Mr. Butzel informed The New York Occasions in 2000 that as a lawyer’s son he “felt obligated to be a lawyer, nevertheless it was nothing I pined to do.”
“It scared me — it’s so confrontational,” he added.
Mr. Bernard, whom Mr. Butzel mentored for the courtroom fight over Westway, described him, although, as “an unorthodox and sensible lawyer, hard-working, tenacious, and dedicated.”
Mr. Butzel later enlisted in campaigns to protect open area on Governors Island and to construct Brooklyn Bridge Park.

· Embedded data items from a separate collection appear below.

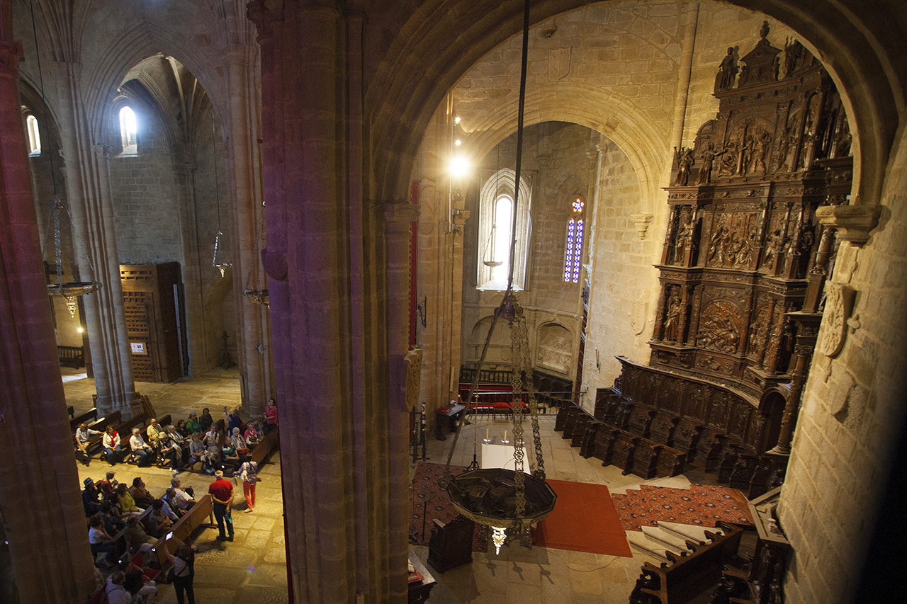 Inside the church is divided up into three naves and the belltower. Go up the spiral staircase and you will be able to enjoy one of the best views of the city and above all, the monumental centre of Cáceres.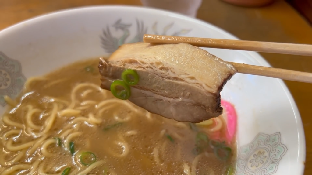 ここでチャーシューもいただきます。薄切りながら脂のりがよく、豚骨醤油スープをまとって味わいはより濃厚。存在感のある一枚で、スープとの相性も抜群です。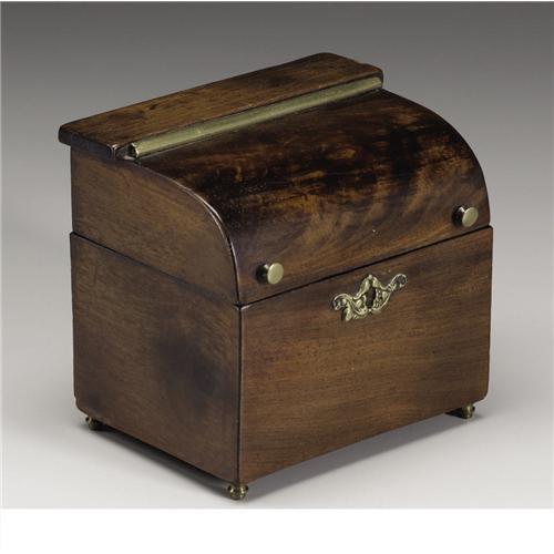 <B>A George III Walnut Tea Caddy</B></I><BR><BR>Unknown maker, England<BR>Late Eighteenth Century<BR>Walnut and brass<BR>Unmarked<BR>4.75 in. high x 5.25 in. wide x 3.87 in. deep<BR>Of miniature roll-top desk form, raised on brass feet, with brass escutcheon, pulls and roll at top.<BR> <BR><BR><B>Important notice:<
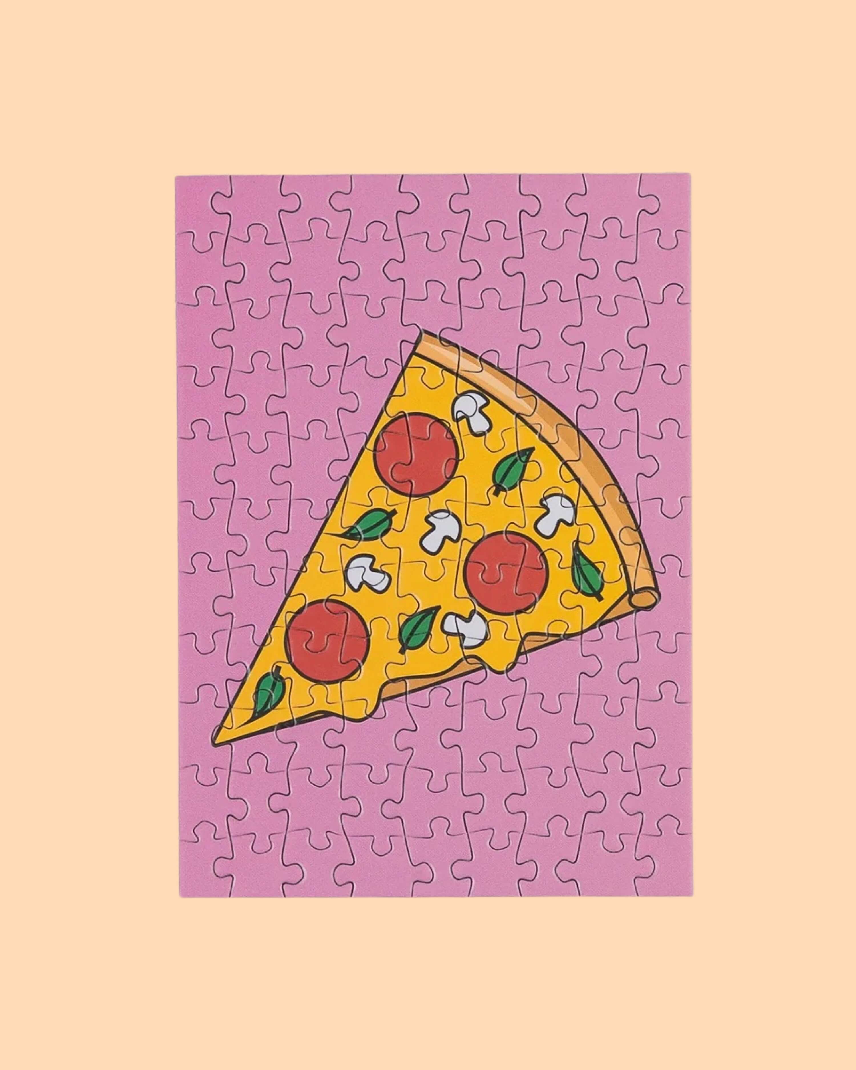 Pizza geht immer – und jetzt auch als Puzzle! Dieses Mini-Puzzle von Sunshine Puzzles im Pizza-Design ist ein echter Genuss für zwischendurch. Mit knalligen Farben, Käse, Salami, Pilzen und Basilikum-Blättern bringt es italienisches Lebensgefühl direkt auf deinen Tisch. Perfekt als Geschenkidee, Mitbringsel oder kleines Puzzle für unterwegs.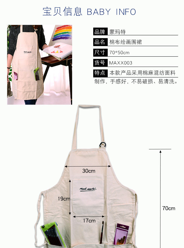 蒙玛特 Фартук, нагрудник для взрослых для работы, акрил, пигментированная гуашь, из хлопка и льна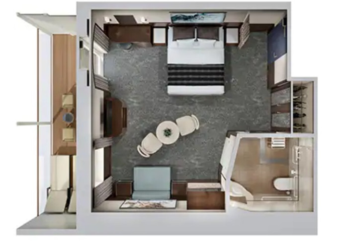 | SE - Forward-facing Penthouse 52 m² / balkon 18-22 m². Výhody Suite. 8/9. paluba - vpředu. Max 3-5 osob. | 269 818 Kč 134 909 Kč za osobu |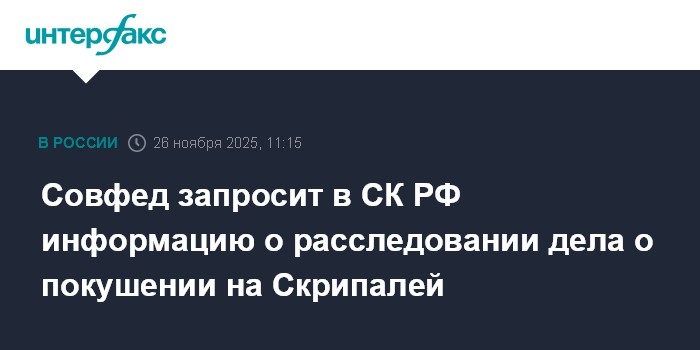 Москва. 26 ноября. INTERFAX.RU - Совет Федерации намерен запросить в Следственном комитете перспективы расследования возбужденного несколько лет назад уголовного дела по признакам покушении на Сергея Скрипаля и его дочери Юлии на территории Великобритании.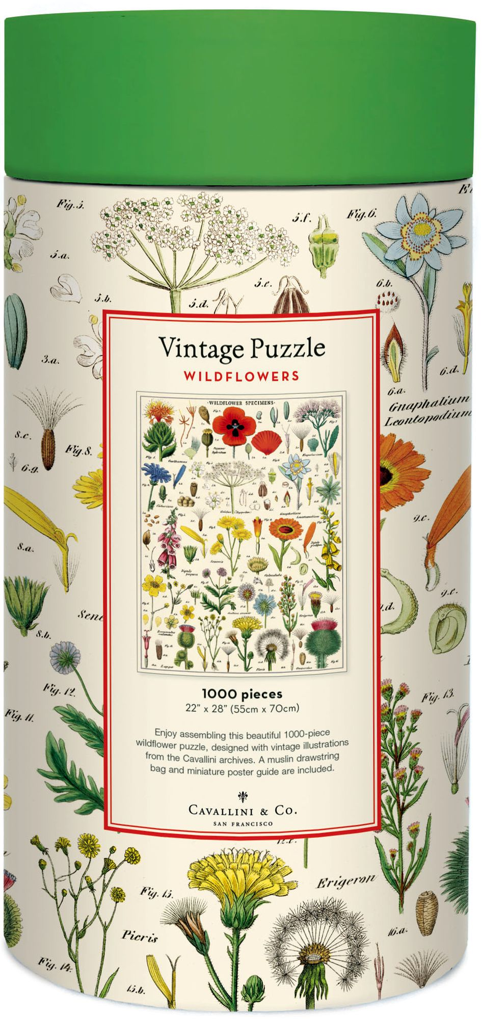 This 1.000 piece jigsaw puzzle features vintage art of beautiful wildflowers. each with its scientific name alongside.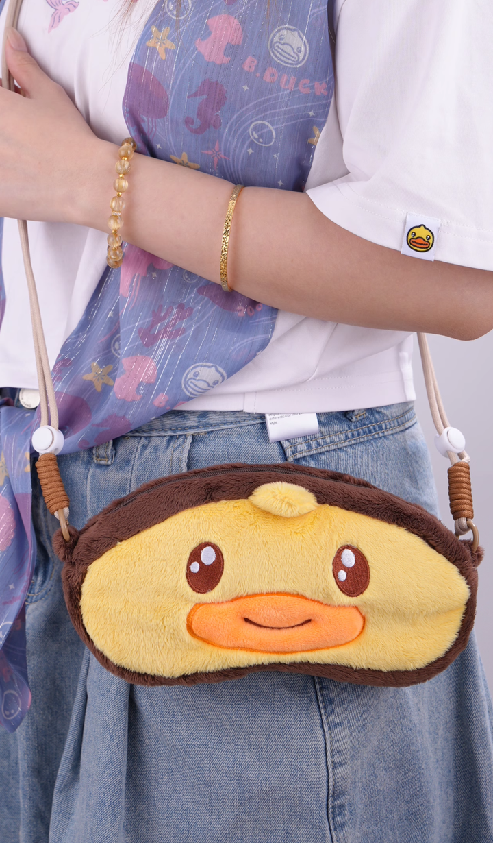 The B.Duck Official x Monchhichi Plush Crossbody Bag features a double-sided design—one side showcases the adorable Monchhichi, while the other side features the beloved B.Duck. Made from plush material, this bag is soft, comfortable, and feels great to the touch. The spacious interior easily fits your phone, wallet, cosmetics, and other small essentials, offering both practicality and charm. The crossbody design makes it easy to wear, perfect for daily outings, shopping, or as a unique gift for someone special.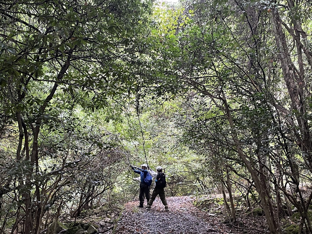 道は広くてしっかりしていても、枯れたツルなどが頭上から垂れ下がっているとなんだか薄気味悪い印象があります。手元の道具を使って届くものは下に引っ張り除けてスッキリ♪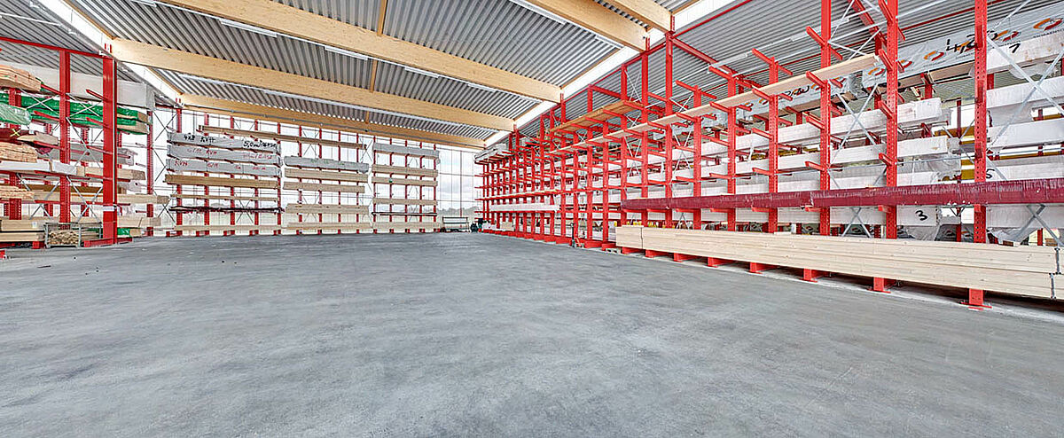 As estantes de dupla face Cantilever atingem 8.600 milímetros no ponto mais alto e oferecem 6 níveis de armazenamento em cada lado. Com uma capacidade de carga de 800 kg por Cantilever, se pode armazenar dessa maneira, por exemplo, uma série de estantes com 33 prateleiras, com um peso total de 26,4 toneladas de material por superfície. A área de carga total para o armazenamento de madeira é de aprox. 3.100 m2. A altura é de 9.750 milímetros. Aqui devemos considerar que para a construção do telhado foi selecionada uma combinação de encapado com cola e aço pelo cliente. A extensão é de aprox. 21.000 milímetros. O cliente pôde economizar dinheiro na realização dessa produção.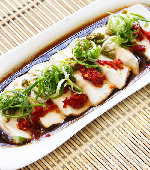4、关火后,将豆腐盘拿出,去掉保鲜膜,洒上沥干水的葱丝,烧中热油后泼上即可。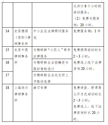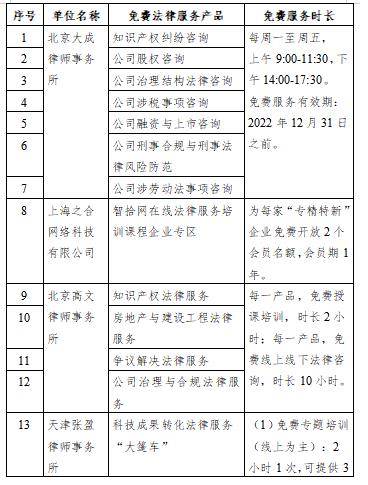 為幫助中小企業(yè)特別是“專精特新”中小企業(yè)獲得精準、有效的法律服務,中國中小企業(yè)發(fā)展促進中心向法律服務機構開展了公益服務項目征集工作。最終優(yōu)選了7家在全國或區(qū)域具有較高專業(yè)水平、較強社會責任意識、公益服務能力過硬的法律服務機構提供的18項法律服務產(chǎn)品組成服務包,涵蓋公司治理、企業(yè)合規(guī)、融資上市、知識產(chǎn)權、科技成果轉化、股權稅務、勞動糾紛、爭議解決、房地產(chǎn)與建設工程、游戲產(chǎn)業(yè)法律服務等領域,向“專精特新”及“小巨人”企業(yè)免費提供。服務產(chǎn)品特色突出、針對性強,能較好地滿足專精特新及“小巨人”企業(yè)實際法律需求。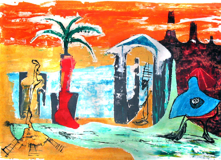 DURCH TÜREN GEH'N, Ölfarbe auf Papier, 100 * 70 cm, 2004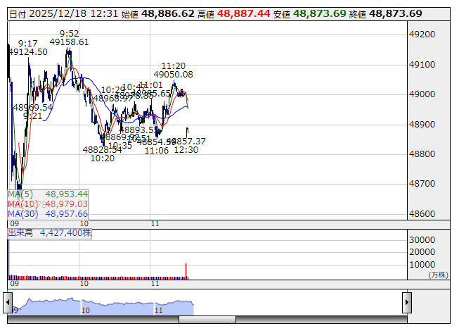 2025年12月18日12時31分 【市況】東京株式(後場寄り付き)=日経平均株価は前場終値比で下げ幅広げる 日経平均 <1分足> 「株探」多機能チャートより 後場寄り付きの東京株式市場では、日経平均株価が前日比620円安前後と前場終値から下げ幅を拡大。外国為替市場では、1ドル=155円70銭台での値動きとなっている。 出所:MINKABU PRESS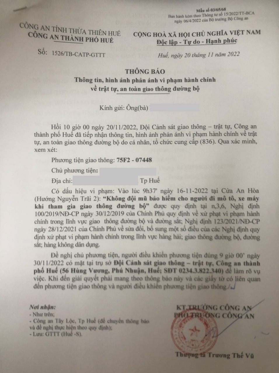 Vấn đề quý Ông/Bà phản ánh, Công an tỉnh đã chỉ đạo Công an thành phố Huế kiểm tra và xin thông báo kết quả xử lý như sau: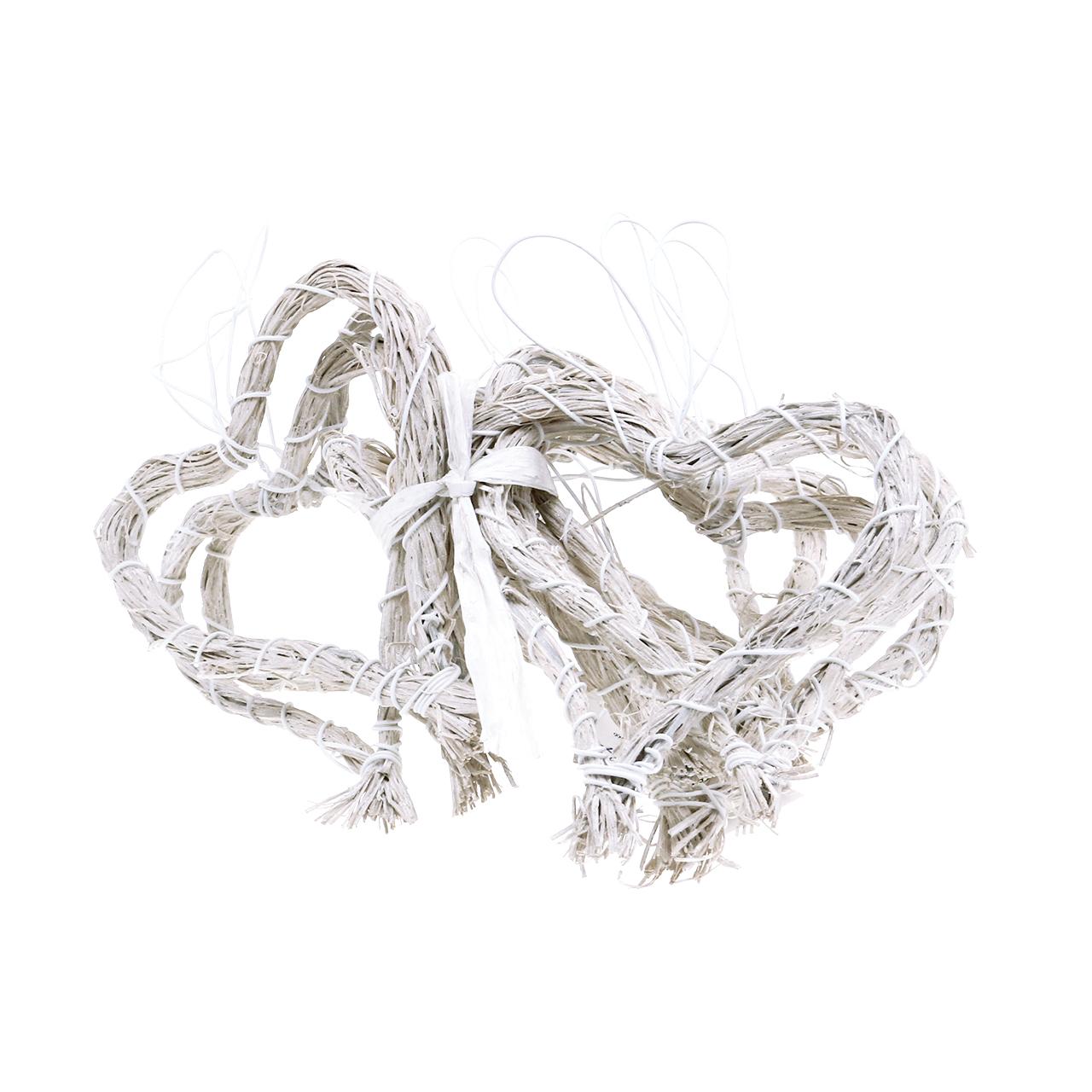 Herz aus Bast zum Hängen Weiß 10cm 12St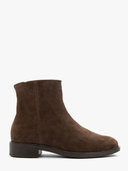 Ciemnobrązowe klasyczne botki ze skóry welurowej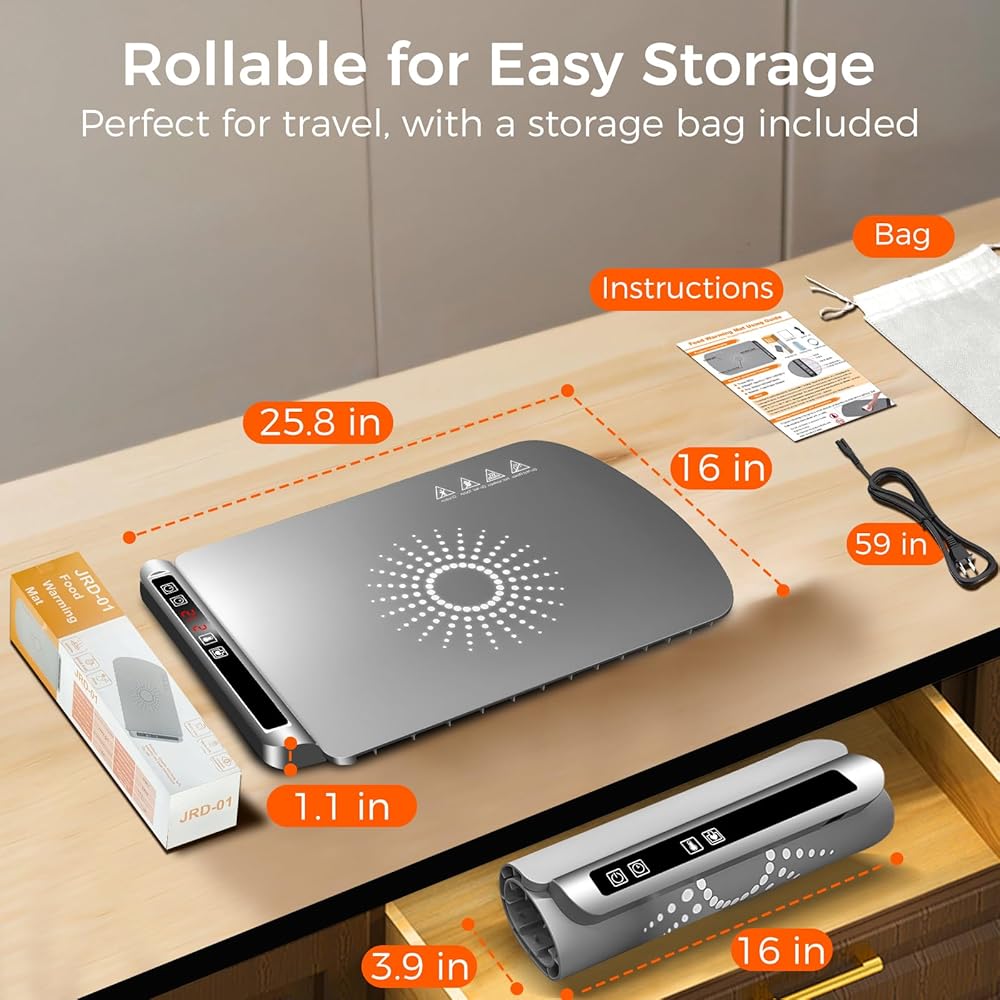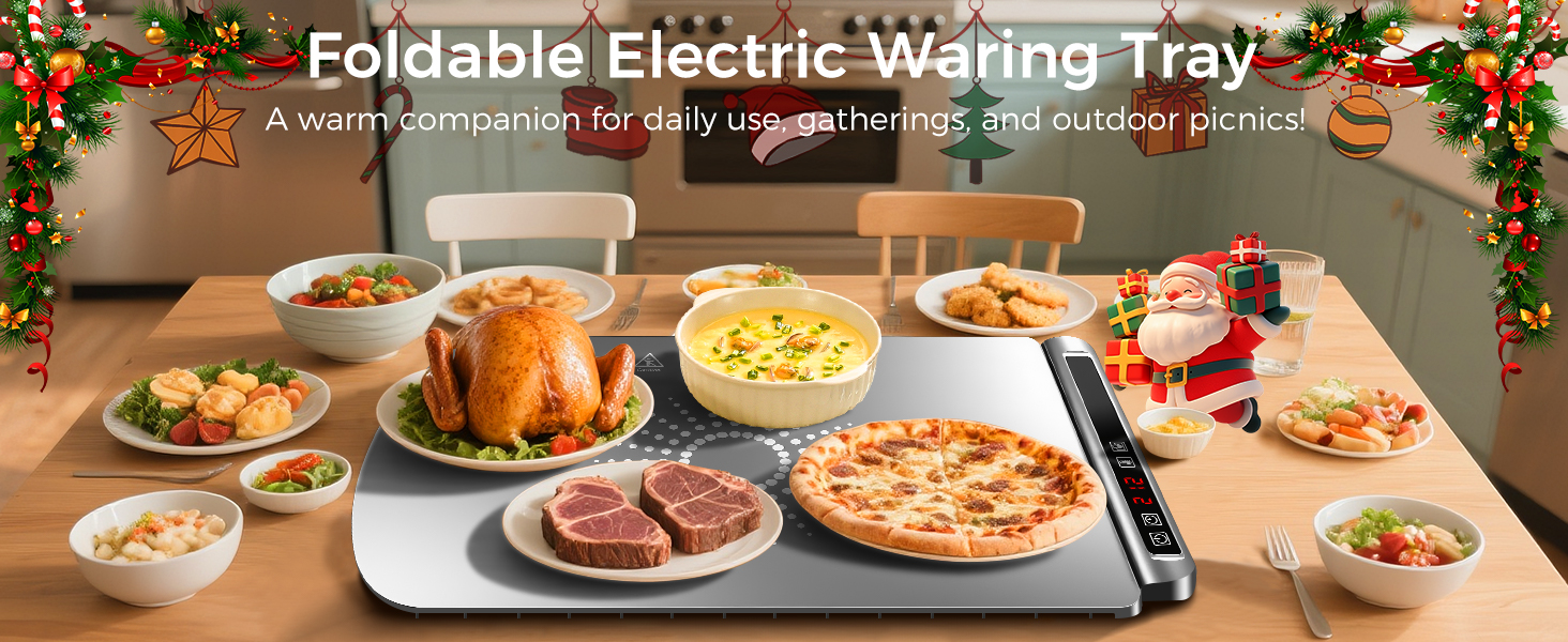 بساط تدفئة للطعام، صينية تدفئة كهربائية مع 5 مستويات لدرجة الحرارة ومؤقت قابل للتعديل، بساط تدفئة الطعام يسخن بسرعة، جهاز تدفئة الطعام قابل للطي لبوفيه الحفلات، هدايا تدفئة المنزل

Whereas working in New York he lived in a Park Avenue residence, “in some measure due to household cash, surrounded by antiques and work,” The Occasions wrote in a profile of him.
After litigating many of the case in opposition to Westway, Mr. Butzel left his legislation observe full-time to pursue his ardour for writing. He turned out a number of brief tales and a novel, displaying a expertise for prose that had earlier been glimpsed in his lawyer’s work.
“His briefs had been tales that introduced technical scientific and authorized proof to life, giving it a human face,” Mr. Bernard mentioned. “And completely humble. I’ve by no means recognized a litigator nearly as good as he was who personally disliked litigation as a lot as he did.”